Почему я не счастлив в раю? Как бы я хотел задавать себе этот вопрос, но я точно знал ответ. И он перечеркивал все моё существование в этих кущах. Я хотел жить. Жить сам и для себя, слышать свои мысли, ощущать своим телом, воплощать свои интересы, разговаривать со своими друзьями, которые помнят кто я. Просто хочу, что бы шторы в моём доме были одного цвета, хотя бы просто были.

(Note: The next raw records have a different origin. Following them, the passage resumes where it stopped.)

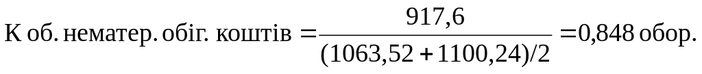 4. Коефіцієнт обіговості нематеріальних обігових коштів:
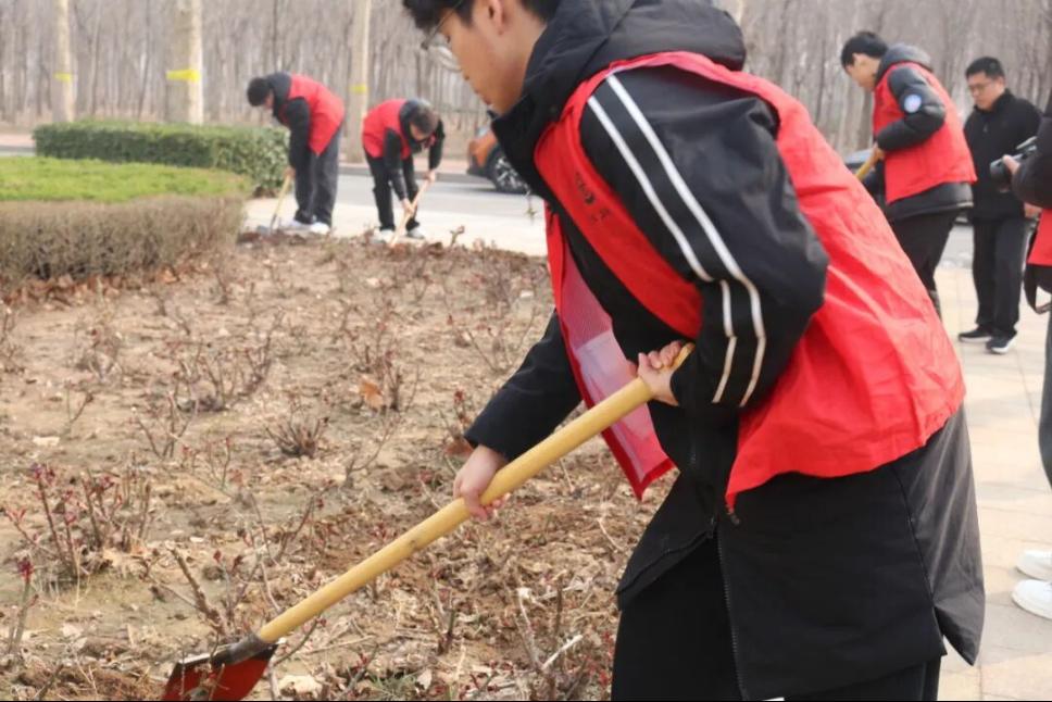 为深入践行习近平生态文明思想,进一步增强师生环保意识,美化校园环境,3月11日,汽车工程系联合经济管理系携手开展了以 “植”此青绿 共“树”未来”“寓”梦德职”为主题的志愿服务活动。
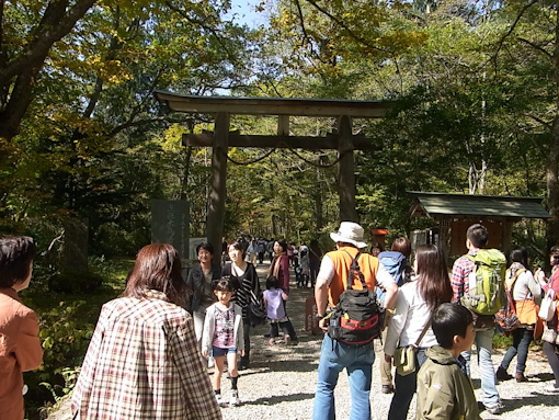 秋の行楽シーズンとあって、奥社の入口付近は、いつになくすごい人出でした。
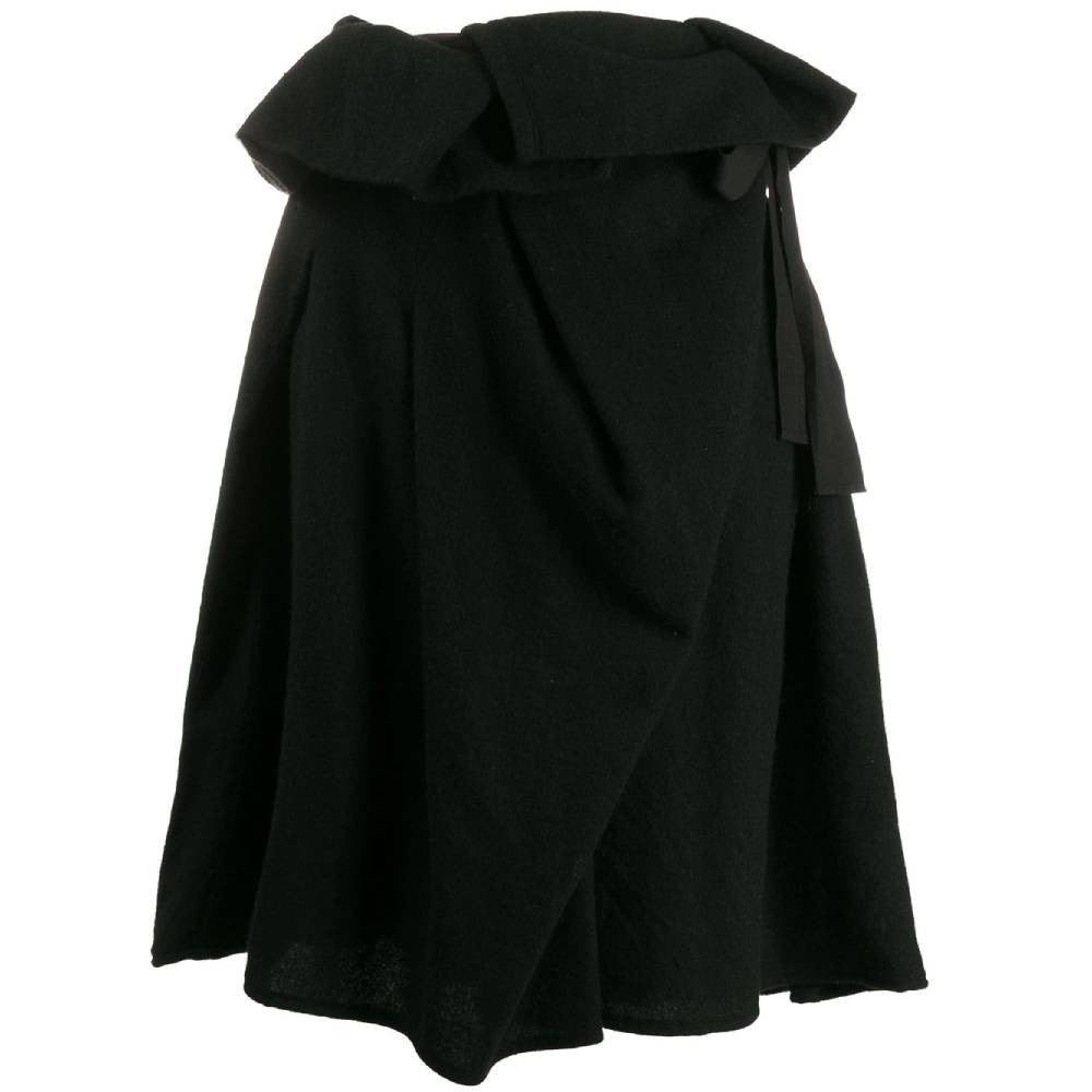 Comme des Garçons black wool blend skirt. Drawstring waist and full-length darts.

Чем дольше ты здесь находишься, тем сильнее ты растворяешься в этом свете. Теряешь интересы, желания, чувства, память. Затем тебе предлагают дар – чужие чувства. Ты становишься частью этого места, ты становишься Богом. Всё есть Бог, только с разной степенью свободы. Абсолютное божество, абсолютно безвольно. Ты приобретаешь безразличие ко всему, ко мне, к вам, к себе. Отказываешься окончательно от кровати, лестницы, стен, ног. Обычно просветлённые, выбираются из стен пансиона, и на какое-то время перебираются в сад. А уже оттуда уходят на встречу, с которой ни кто ещё не возвращался. Их забирал спаситель, хотя многие из них отлично умели плавать.